In Bostock, decided this year, 206 (!) corporations, arguing strongly that “excluding sexual orientation and gender identity” from civil rights protection “undermine[s] the nation’s business interests,” filed a brief against a private funeral home whose dress code had the effect of prohibiting cross-dressing by an employee. The list of corporations included the most glamorous ones like Amazon, Apple, CBS, Nike, Starbucks, and Ben and Jerry’s, and also AT&T, Bloomberg, Facebook, General Motors, Google, Hilton, John Hancock, JP Morgan, Macy’s, Marriott, Mastercard, San Francisco Giants, Tampa Bay Rays, Lyft, Uber, Walt Disney, Univision, Wells Fargo, and Xerox.
It was legislation—the words of a statute—that was at issue In Bostock. In its decision, the Gorsuch/Roberts Court effectively amended Title VII of the Civil Rights Act to include “sexual orientation.” One hundred fifty Democratic members of Congress, including Nancy Pelosi, Kamala Harris, and the other Senators who ran for President, filed a brief against the funeral home, while only 48 Republican members filed in support of the funeral home.
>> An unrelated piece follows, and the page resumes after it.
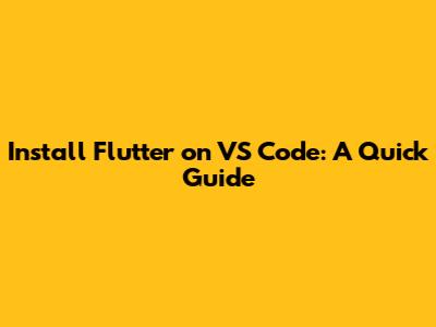 Install Flutter On VS Code: A Quick Guide

The Trump Department of Justice filed a brief in support.
As far as to what the immediate future holds, especially as to the possible positions of the Department of Justice, the 2012 decision of the Court in Hosanna-Tabor Evangelical Lutheran Church and School, may be even more instructive. In that lawsuit against a church, a fourth-grade teacher at a Lutheran school, who was also trained and certified as a minister, developed narcolepsy, and her employment terminated for that reason. One might be inclined to think that the possibility of a teacher falling asleep in class might be considered an objective and unbiased basis for termination. But, no; the teacher, asserting that her condition was a disability, filed a civil-rights suit under the federal Americans with Disabilities Act. The Supreme Court unanimously ruled against her, and for the first time recognized a “ministerial exception” to employment laws under both religion clauses of the First Amendment.
More striking, however, than the unanimous ruling of the Court was the content of the brief of the Obama Administration’s Equal Employment Opportunity Commission (EEOC), which held that the Constitution’s religion clauses did not even apply! Chief Justice Roberts, the author of the Court’s unanimous opinion, denounced that “extreme position pressed here by the EEOC” and said that the case concerned a church’s “freedom under the Religion Clauses to select its own minsters.”
A single baker, a single funeral home, a handful of crisis-pregnancy centers, a little tiny and poor group of Catholic nuns, and an individual church selecting its own ministers could not be let alone. The reality is that no person and no private institution can escape the ceaseless initiatives by legal activists, judicial activists, cities, states, and, depending upon the Administration, the federal government to re-standardize American public as well as private life, and search out and cancel dissenters.
Justice Thomas has now articulated the issues of contemporary personal and religious freedom as being beyond freedom of speech and actions. It is freedom of thought: “Freedom of speech secures freedom of thought and belief.” We say what we think, but, in contemporary and future America, will we start to think what we are told to say?